1:20:05I love New Zealand. I've been wanting to to kind of wander out there. Actually, almost almost did my master's there instead of Scotland, uh, just because I knew one of the only ways to to spend more time in in New Zealand would probably be through academics for me.
1:20:18Um, but it is that's really interesting, and that's a crazy growth process. The food industry as well is is a really hard place to be in right now because you have to deal with compliance. You have to deal with opinion.
1:20:29You have to deal with people. You have to build with logistics. Then the logistics are getting upset by politics, uh, and then you have to deal with AI.
1:20:35Is AI the right way to be a man? So it's a hard place to be in So, yeah, thank you, Mira. I'm I'm glad to have your expertise here and your opinion.
1:20:41What's fun is the logistics side.
1:20:44Tell you what, what wasn't fun was, you know, literally hundreds of thousands of dollars of FF per week with with some of the things happening in the world. Just like turning up and each week, it was like it was like rolling dice.
1:20:54So what's gonna hit our books this week? Because they were literally adjusting their percentages on a daily basis.
1:21:01So that was that was interesting. Seems to have plateaued at the moment at about double what we had budgeted Oh.
1:21:07Based on last year. So that's, again, interesting place to be. Um, but we we bring or make a lot of Asian food into the country.
1:21:17So what what's done that growth path is more and more of our products are now ranged at supermarket rather than at the Asian supermarkets.
1:21:25Interesting. I'd love to I I we don't have time for it now, but I'd love to look at your data and and kind of what you all are looking at because, um, I think there's a huge market for for Asian foods in in the the South Of America or South South not South America, South US.

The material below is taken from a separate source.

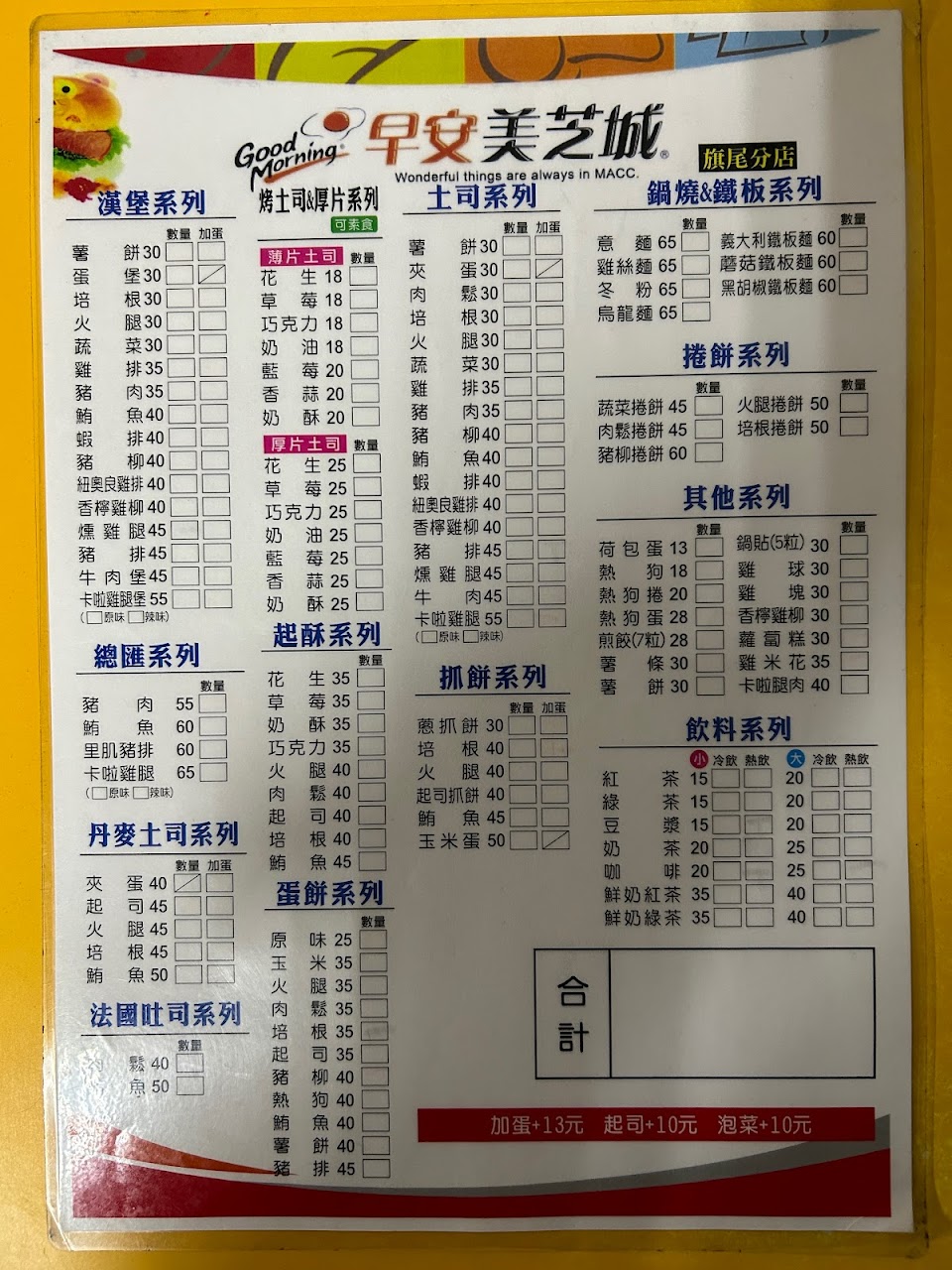 2024最新在地推薦餐廳的菜單_早安美芝城旗山旗尾的菜單、圖片

1:21:40Yep. Right now because a lot of veterans are you know, spent a lot of time in Asia and things like that. We have a kind of huge veteran population paired with kind of, like, this desire of of Korea and and Japan, and I think The US could be like if if you got a Japanese seven Eleven in Florida right now, you would make so much money.
1:21:58I don't know if anyone's been to Japan, but the seven Elevens there are top tier, top notch. So
1:22:04we we are about fifth the the thing that is nice in these economic times, about 50% of the instant noodles in New Zealand, we they're our products that are sold.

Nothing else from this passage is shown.